━━━━━ LISTED ENTRIES ━━━━━
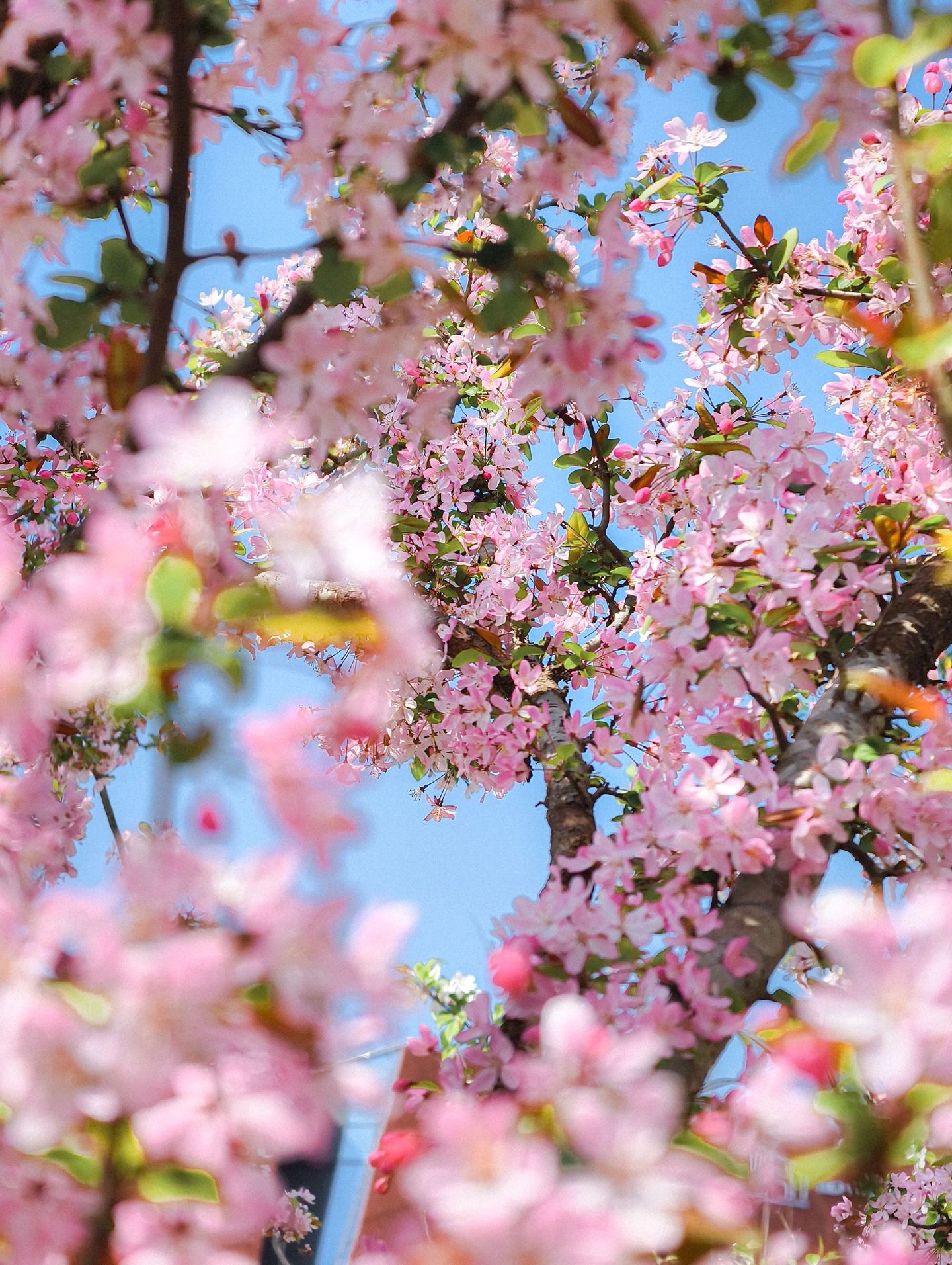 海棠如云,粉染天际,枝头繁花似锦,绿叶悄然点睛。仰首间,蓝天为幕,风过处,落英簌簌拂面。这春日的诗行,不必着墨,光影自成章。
━━━━━
━━━━━ LISTED ENTRIES ━━━━━
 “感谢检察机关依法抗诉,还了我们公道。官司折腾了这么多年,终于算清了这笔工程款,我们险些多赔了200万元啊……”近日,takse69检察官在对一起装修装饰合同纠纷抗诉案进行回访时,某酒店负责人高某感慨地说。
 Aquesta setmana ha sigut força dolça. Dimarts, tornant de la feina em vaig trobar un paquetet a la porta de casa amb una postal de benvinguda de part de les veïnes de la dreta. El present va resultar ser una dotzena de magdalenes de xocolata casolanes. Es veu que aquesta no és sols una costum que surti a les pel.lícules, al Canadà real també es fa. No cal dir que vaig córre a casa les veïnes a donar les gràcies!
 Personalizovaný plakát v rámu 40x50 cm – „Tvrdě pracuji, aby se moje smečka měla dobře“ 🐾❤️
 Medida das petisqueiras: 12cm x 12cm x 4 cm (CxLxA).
━━━━━
━━━━━ LISTED ENTRIES ━━━━━
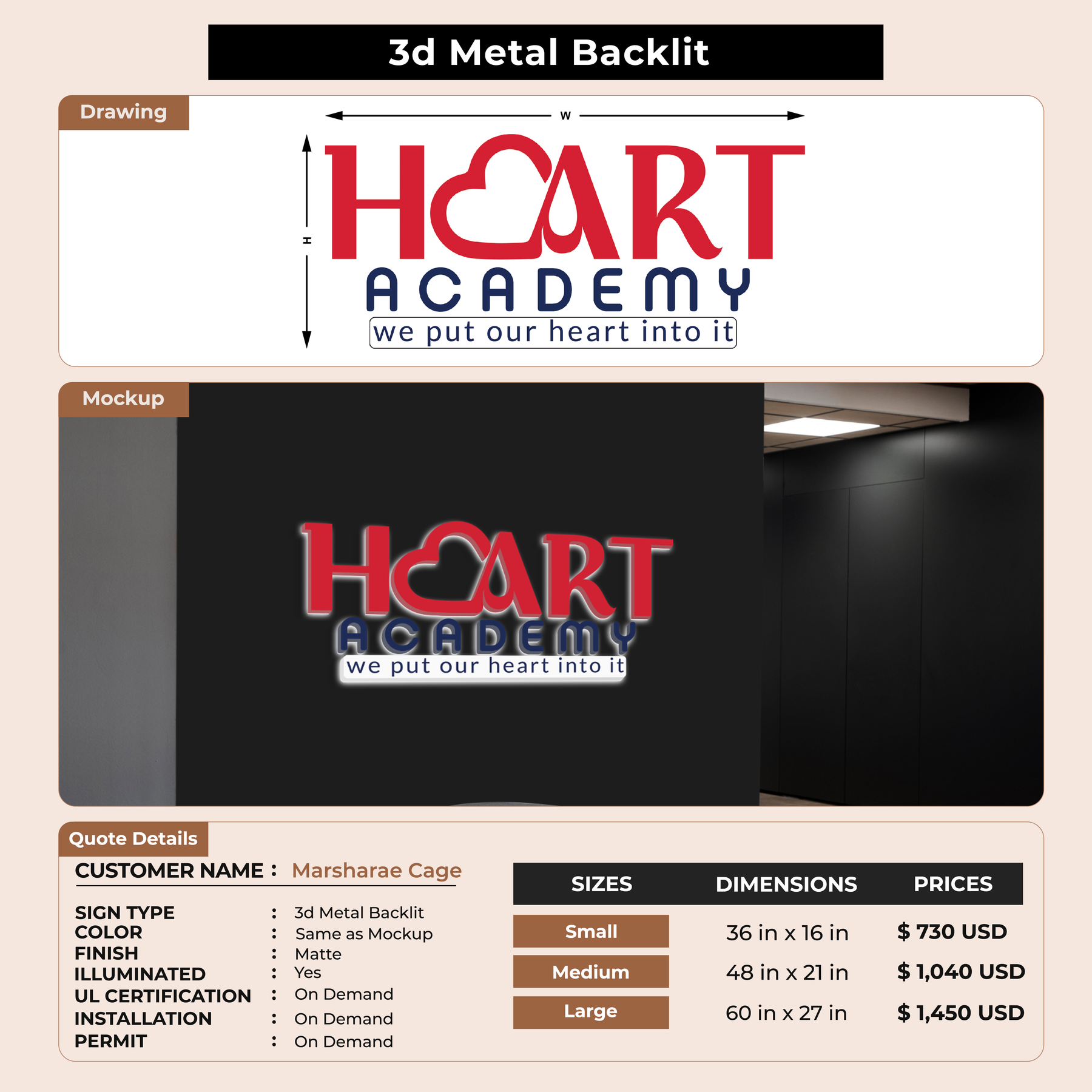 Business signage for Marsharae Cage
━━━━━
■ WHAT TO DO
Write out exactly the lines above from the line with "Aquesta setmana ha" through the line with "Medida das petisqueiras: 12cm", both of them included, and leave out all other lines.

■ ANSWER TO THE PROBLEM
 Aquesta setmana ha sigut força dolça. Dimarts, tornant de la feina em vaig trobar un paquetet a la porta de casa amb una postal de benvinguda de part de les veïnes de la dreta. El present va resultar ser una dotzena de magdalenes de xocolata casolanes. Es veu que aquesta no és sols una costum que surti a les pel.lícules, al Canadà real també es fa. No cal dir que vaig córre a casa les veïnes a donar les gràcies!
 Personalizovaný plakát v rámu 40x50 cm – „Tvrdě pracuji, aby se moje smečka měla dobře“ 🐾❤️
 Medida das petisqueiras: 12cm x 12cm x 4 cm (CxLxA).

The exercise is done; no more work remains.